# Friday, September 09

## 5.1: The Killing form

:::{.remark}
For the rest of the course: $k = \kbar$ and $\characteristic k = 0$.
Theorem from last time: $L$ is semisimple iff its Killing form $\kappa(x, y) \da \trace(\ad_x \ad_y)$ is nondegenerate.
:::

:::{.proof title="?"}
Let $S = \Rad(\kappa) \normal L$, which is easy to check using "invariance" (associativity) of the form.
Given $s,s'\in S$, the restricted form $\kappa_S(x, y) = \trace(\ad_{S, s} \ad_{S, s'}) = \trace(\ad_{L, s} \ad_{L, s'})$, which was proved in a previous lemma. 
But this is equal to $\kappa(s, s') = 0$.
In particular, we can take $s\in [SS]$, so by (the corollary of) Cartan's criterion for solvable Lie algebras, $S$ is solvable as a Lie algebra and thus solvable as an ideal in $L$.

$\implies$:
Since $\Rad(L)$ is the sum of all solvable ideals, we have $S \subseteq \Rad(L)$, but since $L$ is semisimple $\Rad(L) = 0$ and thus $S=0$.

$\impliedby$:
Assume $S=0$.
If $I \normal L$ is a solvable ideal so $I^{(n)} = 0$ for some $n\geq 0$.
If $I^{(n-1)} \neq 0$, it is a nonzero abelian ideal -- since we want to show $\Rad(L) = 0$, we don't want this to happen!
Thus it STS every abelian ideal is contained in $S$.

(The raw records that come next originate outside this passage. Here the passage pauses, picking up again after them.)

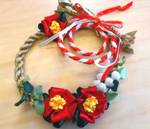 NO.2545 製作者:Masae.Kさん レイ:「ハイビスカス」 コメント:このお花の作り方を覚えたので、いろいろなものに応用できそうです。キャロル先生のようにネームタグにつけてもいいですよね。 |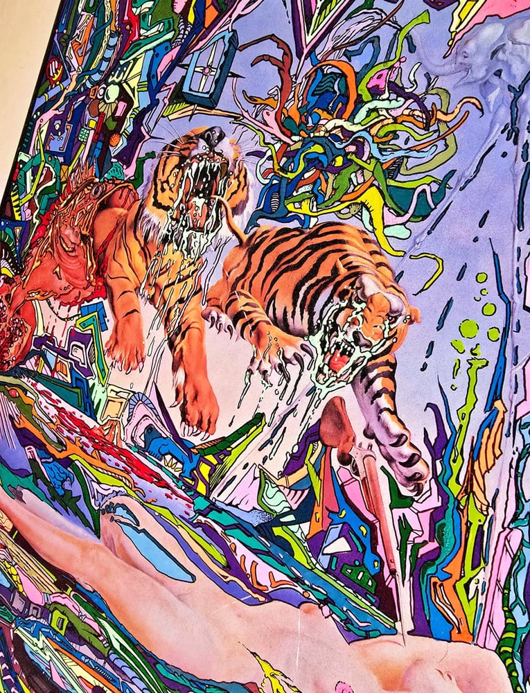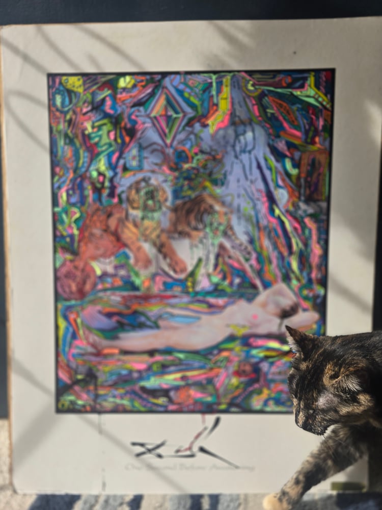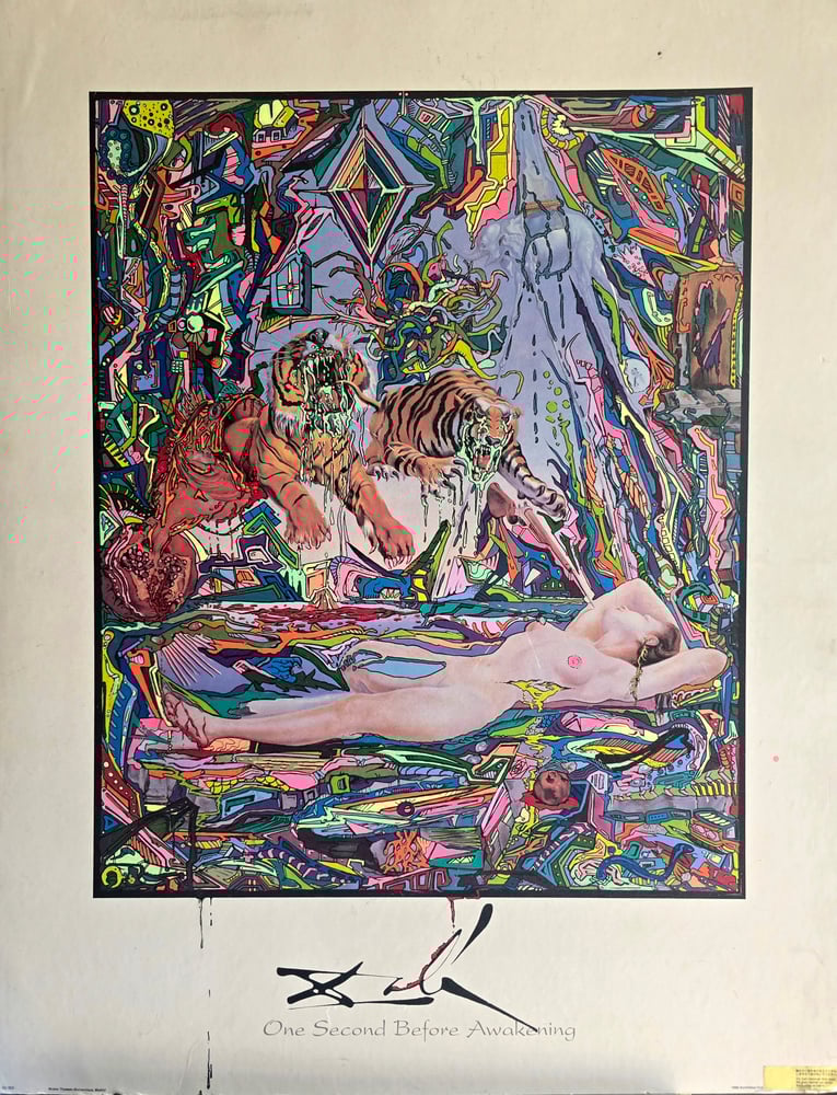 A discarded print, from the work of the ever eclectic master of surrealism, Dalí. This is a forced collab since he has no choice in the matter as I blasted colorful madness all over these Tigers and melting landscape, creating a psychedelic hellscape of the mind!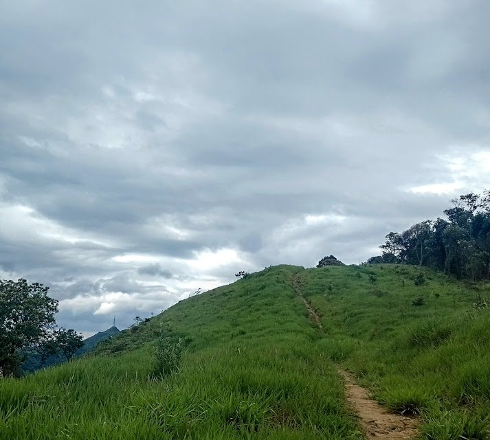Avançando ainda por trilha bem definida caímos numa clareira que ao lado tem uma vala, sua extensão parece nos levar a atravessar o morro, isso se não tivesse tomada pelo matagal, a partir daqui não tem mais trilha evidente exceto alguns rastros quase imperceptível. É danoso tentar se manter na crista devido a vegetação então fomos alternando entre crista e floresta; na crista para ver os possíveis mirantes e confirmar a orientação pelos marco e na floresta para navegação. Ruim disso que dávamos um balão para chegar na área navegável, ruim até dum zig-zag.
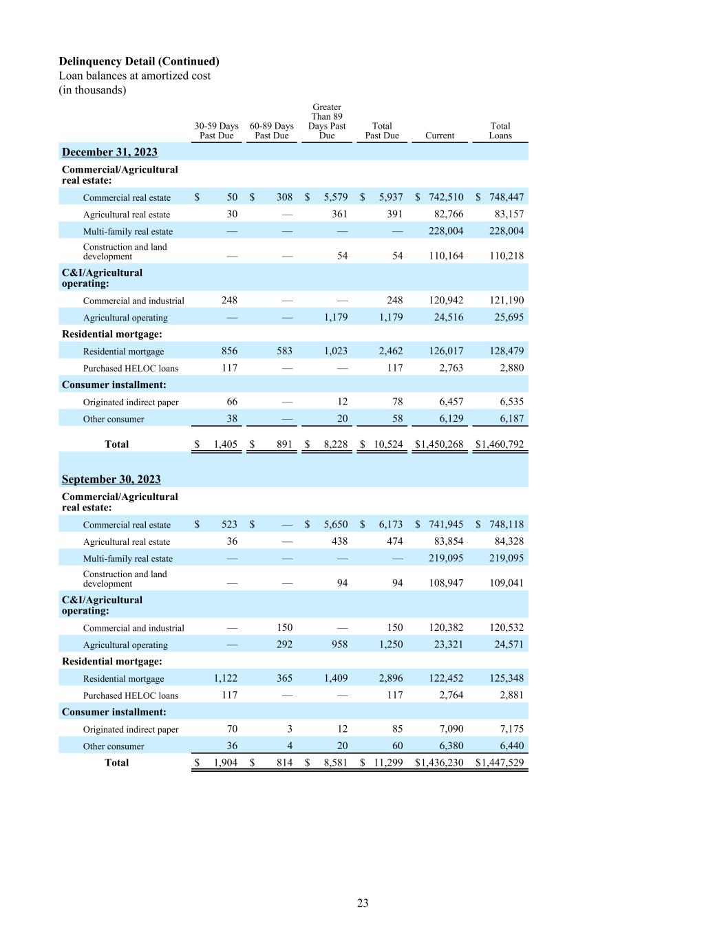 Delinquency Detail (Continued) Loan balances at amortized cost (in thousands) 30-59 Days Past Due 60-89 Days Past Due Greater Than 89 Days Past Due Total Past Due Current Total Loans December 31, 2023 Commercial/Agricultural real estate: Commercial real estate $ 50 $ 308 $ 5,579 $ 5,937 $ 742,510 $ 748,447 Agricultural real estate 30 — 361 391 82,766 83,157 Multi-family real estate — — — — 228,004 228,004 Construction and land development — — 54 54 110,164 110,218 C&I/Agricultural operating: Commercial and industrial 248 — — 248 120,942 121,190 Agricultural operating — — 1,179 1,179 24,516 25,695 Residential mortgage: Residential mortgage 856 583 1,023 2,462 126,017 128,479 Purchased HELOC loans 117 — — 117 2,763 2,880 Consumer installment: Originated indirect paper 66 — 12 78 6,457 6,535 Other consumer 38 — 20 58 6,129 6,187 Total $ 1,405 $ 891 $ 8,228 $ 10,524 $ 1,450,268 $ 1,460,792 September 30, 2023 Commercial/Agricultural real estate: Commercial real estate $ 523 $ — $ 5,650 $ 6,173 $ 741,945 $ 748,118 Agricultural real estate 36 — 438 474 83,854 84,328 Multi-family real estate — — — — 219,095 219,095 Construction and land development — — 94 94 108,947 109,041 C&I/Agricultural operating: Commercial and industrial — 150 — 150 120,382 120,532 Agricultural operating — 292 958 1,250 23,321 24,571 Residential mortgage: Residential mortgage 1,122 365 1,409 2,896 122,452 125,348 Purchased HELOC loans 117 — — 117 2,764 2,881 Consumer installment: Originated indirect paper 70 3 12 85 7,090 7,175 Other consumer 36 4 20 60 6,380 6,440 Total $ 1,904 $ 814 $ 8,581 $ 11,299 $ 1,436,230 $ 1,447,529 23

So let $I \normal L$ be an abelian ideal, $x\in I$, $y\in L$.
Define an operator
\[
A_{xy}^2 \da (\ad_x \ad_y)^2: L \mapsvia{\ad_y} L \mapsvia{\ad_x} I \mapsvia{\ad_y} I \mapsvia{\ad_x} 0
,\]
which is zero since $[II] =0$.
Thus $A_{xy}$ is a nilpotent endomorphism, which are always traceless, so $0 = \trace(\ad_x \ad_y) = \kappa(x, y)$ for all $y\in L$, and so $x\in S$.
Thus $I \subseteq S$.
:::

:::{.warnings}
$\Rad(\kappa) \subseteq \Rad(L)$ always, but the reverse containment is not always true -- see exercise 5.4.
:::

## 5.2: Simple Ideals of $L$

:::{.definition title="Direct sums of Lie algebras"}
Let $L_i\in \Lie\Alg\slice k$, then their **direct sum** is the product $L_1 \times L_2$ with bracket
\[
[x_1 \oplus x_2, y_1 \oplus y_2] \da [x_1 y_1] \oplus [x_2 y_2]
.\]
:::

:::{.remark}
In particular, $[L_1, L_2] = 0$, and thus any ideal $I_1 \normal L_1$ yields an ideal $I_1 \oplus 0 \normal L_1 \oplus L_2$.
Moreover, if $L = \bigoplus I_i$ is a vector space direct sum of ideals of $L$, this is automatically a Lie algebra direct sum since $[I_i, I_j] = I_i \intersect I_j = 0$ for all $i\neq j$.
:::

:::{.warnings}
This is *not* true for subalgebras!
Also, in this theory, one should be careful about whether direct sums are as vector spaces or (in the stronger sense) as Lie algebras.
:::

:::{.theorem title="?"}
Let $L$ be a finite-dimensional semisimple Lie algebra.
Then there exist ideals $I_n$ of $L$ such that $L = \bigoplus I_i$ with each $I_j$ simple as a Lie algebra.
Moreover every simple ideal if one of the $I_j$.
:::

:::{.proof title="?"}
Let $I \normal L$ and define
\[
I^\perp \da \ts{x\in L \st \kappa(x, I) = 0 }
,\]
the orthogonal complement of $I$ with respect to $\kappa$.
This is an ideal by the associativity of $\kappa$.
Set $J\da I \intersect I^\perp \normal L$, then $\kappa([JJ], J) = 0$ and by Cartan's criterion $J$ is a solvable ideal and thus $J = 0$, making $L$ semisimple.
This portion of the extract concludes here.